Mon Mar 26 03:35:49 BST 2012

On Sun, Mar 25, 2012 at 01:22:50AM +0530, Gaurav Arora wrote:
> On Thu, Mar 22, 2012 at 3:04 PM, Olly Betts <olly at survex.com> wrote:
> 
> > On Thu, Mar 22, 2012 at 06:40:46AM +0530, Gaurav Arora wrote:
> > > Language Modelling for Information retrieval approach  focus on building
> > > probabilistic language models for documents and rank document based on
> > > probability of model generating the query.Technique is heavy and costlier
> > > than the traditional information retrieval technique but has proved to
> > > preform better in literature than traditional methods.
> > >
> > > Language modelling approach performs better as it tries to capture word
> > and
> > > phrase association to capture user context.
> >
> > How well does it fit with Xapian's concept of what a weighting scheme is
> > though?
>
> Language Modelling  deviates a bit from the xapian concept of weighting
> scheme.xapian considers weighting of document as *sum of scores* for
> individual query keywords( score of terms taken from get_sumpart() from
> weight class) added with extra part of score(taken from get_extrapart() of
> weight class). whereas language modelling considers weighting of document
> as *product of probability* of term occurring given the language model of
> document.

If you take the logarithm (which is a monotonic function, so the
ordering is unaffected) then you can convert the product to a sum
(since the logarithm of a product is the sum of the logarithms of
the things being multiplied together).  This trick is actually
part of the derivation of the probabilistic weighting formula.

So as long as the product only includes probabilities for terms which
actually occur in the particular document being considered, then this
isn't a problem at all.

> > The scale of a project to implement this would be hugely different if
> > you are essentially implementing a Xapian::Weight subclass, or
> > implementing a whole new matcher, and possibly also new backend
> > data-structures.  I've not look closely enough at LM to know which
> > would be the case.
>
> As per requirements of LM and available framework of xapian,inclusion
> of LM to xapian will require
> 
>    1.) implementation of Xapain::Weight subclass for Language Model .
>    2.) Modification of Matcher or new matcher  since LM requires to weight
> by product of probability of term given with application of smoothing
> factors using collection frequency of words and  normalized document length
> (*Dirichlet* *smoothing*) instead of xapian current implementation which
> sums individual contribution for terms.
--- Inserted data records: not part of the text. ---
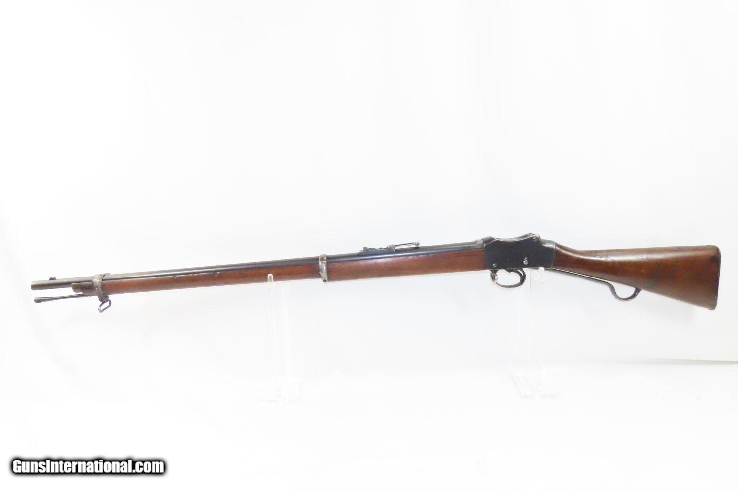 Description: Antique ENFIELD MARTINI-HENRY MKIV Single Shot .577/450 FALLING BLOCK Rifle 1887 Dated BRITISH Imperial Legacy Rifle Here we present an antique Enfield Martini-Henry Mk IV Single Shot Falling Block Military Rifle made circa 1887. These rifles had a production run between 1871 and 1889 with somewhere between 500,000 and 1,000,000 produced. The first iteration of the rifle came about in 1871 and was adopted by the British Army to replace the Enfield Snider Breech Loading Rifles that were being phased out. The action is based on the patent by American and Boston native Henry O. Peabody, which was improved by Swiss inventor Friedrich von Martini. The new polygonal barrel rifling was the design of Scotsman Alexander Henry. This is where the rifle derives its name. Martini–Henry variants were used throughout the British Empire for 47 years. Like other British weapons, the Peabody-Martini-Henry saw action all over the world, and most famously in the Zulu Wars in Africa, but also in India and Afghanistan. Like other British rifles, this one is littered with proof and acceptance markings on the barrel, receiver, and stock. “1887” is marked on the right side of the receiver along with Queen Victoria’s royal cipher and “IV” for Mk IV. The overall condition is very good. Strong blued finish with an arsenal refurbishment during the period of use. Excellent action. The bore is bright with sharp rifling. This example sports a solid stock throughout. A great addition to the collection! Own the original! This is a legitimate antique and not a reproduction. Barrel is 33 inches. Caliber: .577/450 Overall condition as seen in photos. Very Fast. Very Safe. FREE SHIPPING WORLDWIDE. Delivered directly to your door by express mail! Guaranteed AUTHENTIC & Includes CERTIFICATE OF AUTHENTICITY. ancestryguns $1725 #210711 SOLD Antique: Yes |
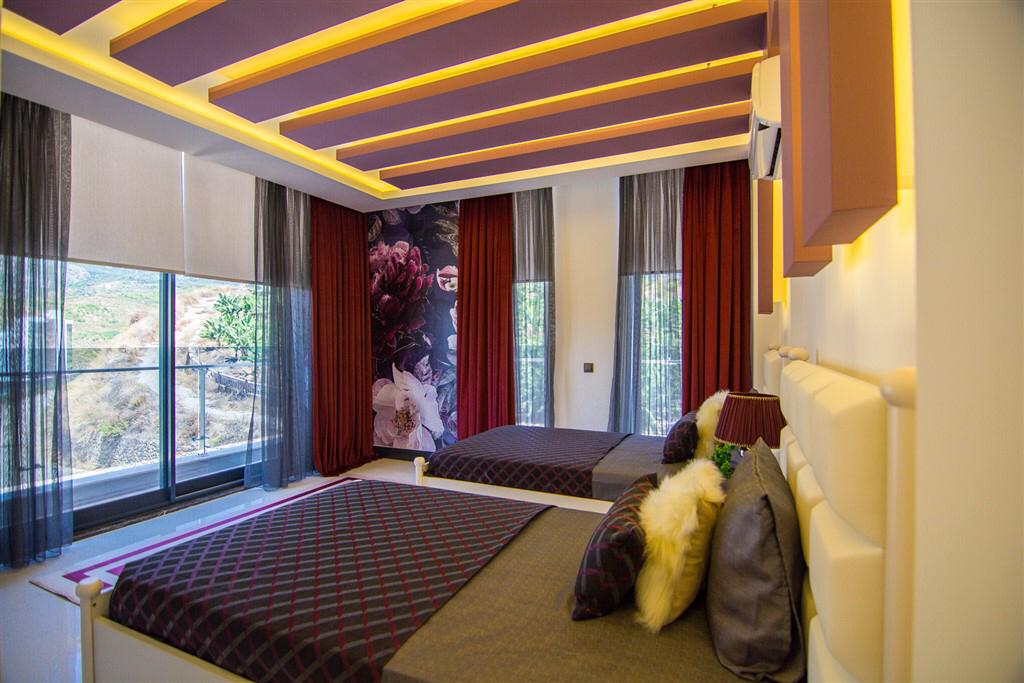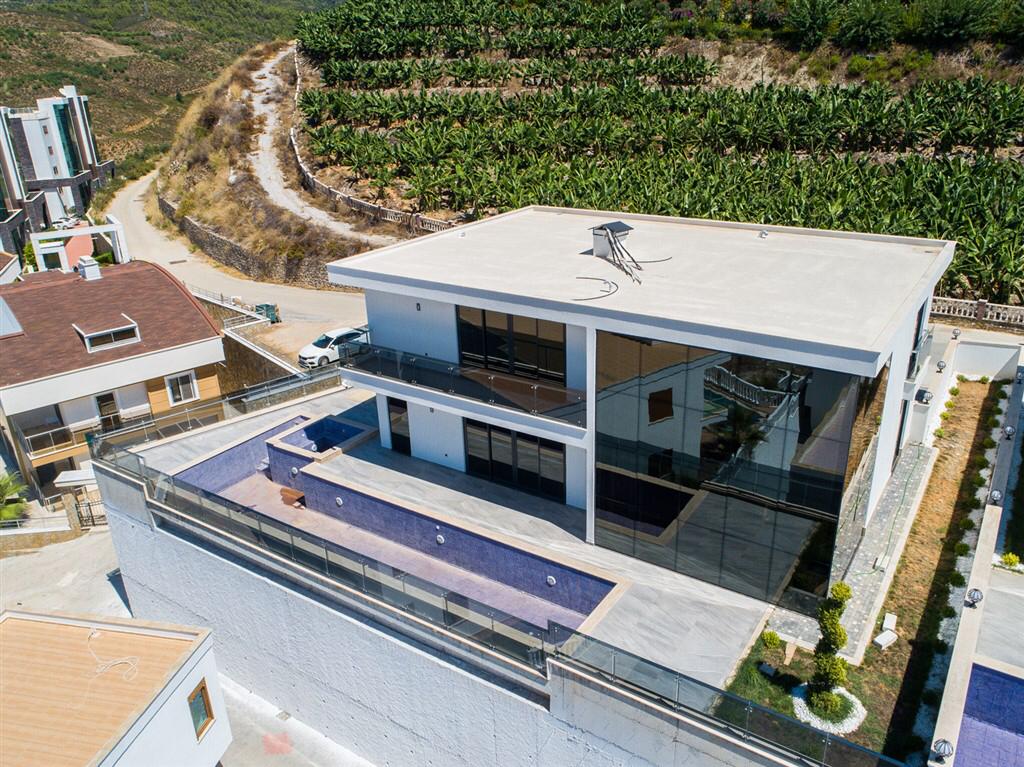 Ud over villaen, på et område på 1097 m2, er der en stor swimmingpool med en smuk terrasse med udsigt over Middelhavet og byen. Det ligger i det hyggelige Kargicak-område, kun 2 kilometer fra havet.
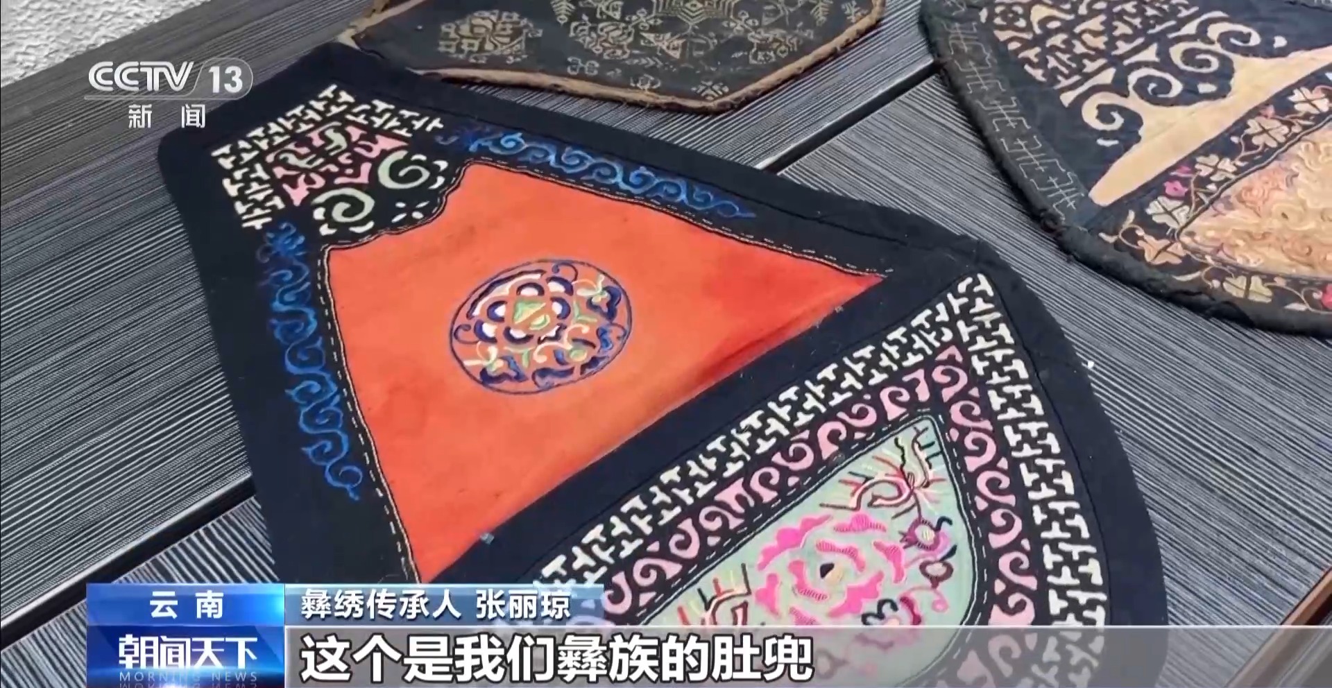 彝繡傳承人 張麗瓊:這個(gè)是我們彝族的肚兜,是彝族小姑娘送給彝族小伙子的定情物。它上面有很多現(xiàn)在已經(jīng)失傳的刺繡針?lè)?,像貼布繡、長(zhǎng)針繡、平針繡。

I'm unclear if (2) is actually required, or can be avoided with the
logarithm trick.  But reimplementing the matcher is a lot of work to do
well.

> LM requires collection frequency for the words while doing smoothing, i
> checked using xapian-delve tool these statistics are maintained by the
> backend data-structures.

Yes, collection frequency is stored.

> it will save implementation of language  model from adding any
> data-structure to the backend.

Parth seemed to think you'd probably want co-occurrence data for terms
for LM, which isn't something we currently track (and is probably rather
big, so a way to store it compactly would be quite important; it does at
least potentially have other uses).  Or are you proposing to only look
at unigram models?

> Do mentors think it  will still be useful to include LM in xapian with
> amount of work specified by modifying matcher and implementing weight
> subclass?

I think it would be a useful addition, but I think it would be good to
pin down what models you're wanting to tackle, and what needs changing
to support them, at least at the conceptual level.

> Which approach would  best fit and can be used to implement search result
> diversification in xapian ?

I've looked into this a bit before (I went to the "Diversity in Document
Retrieval" workshop at ECIR 2011) and my thinking was that the approach
which would fit best (or at least most easily) with Xapian was one which
reranked the result set obtained from the query (such as MMR).

A framework which supported reordering after the search would also be
useful for other operations (such as clustering of results, and indeed
the Learning to Rank work can be thought of as a reranking).

Reformulating the query would also not be hard to fit in, but seems (at
least potentially) to suffer from the problem that one type of result
may still dominate.

Trying to use external search engines to expand the query is OK for a
research project, but is likely to result in your IP address getting
blocked by them for abusive behaviour if used in a busy real world
system.  Sending queries to third parties also has privacy implications.

Approaches which need a taxonomy have the disadvantage of ... well,
needing a taxonomy, so unless they're significantly better, ones which
don't see a preferable option.

> Is it a good idea to use resource hungry techniques like using taxonomy
> information for search diversification in xapian .

I guess it depends on just how resource hungry you are talking.  The
more resources the techniques need, the fewer people would actually be
able to deploy them.  And if it takes seconds (or longer) to run a
diversified search, that's not really useful for interactive search,
which is by far the most common use.

Cheers,
    Olly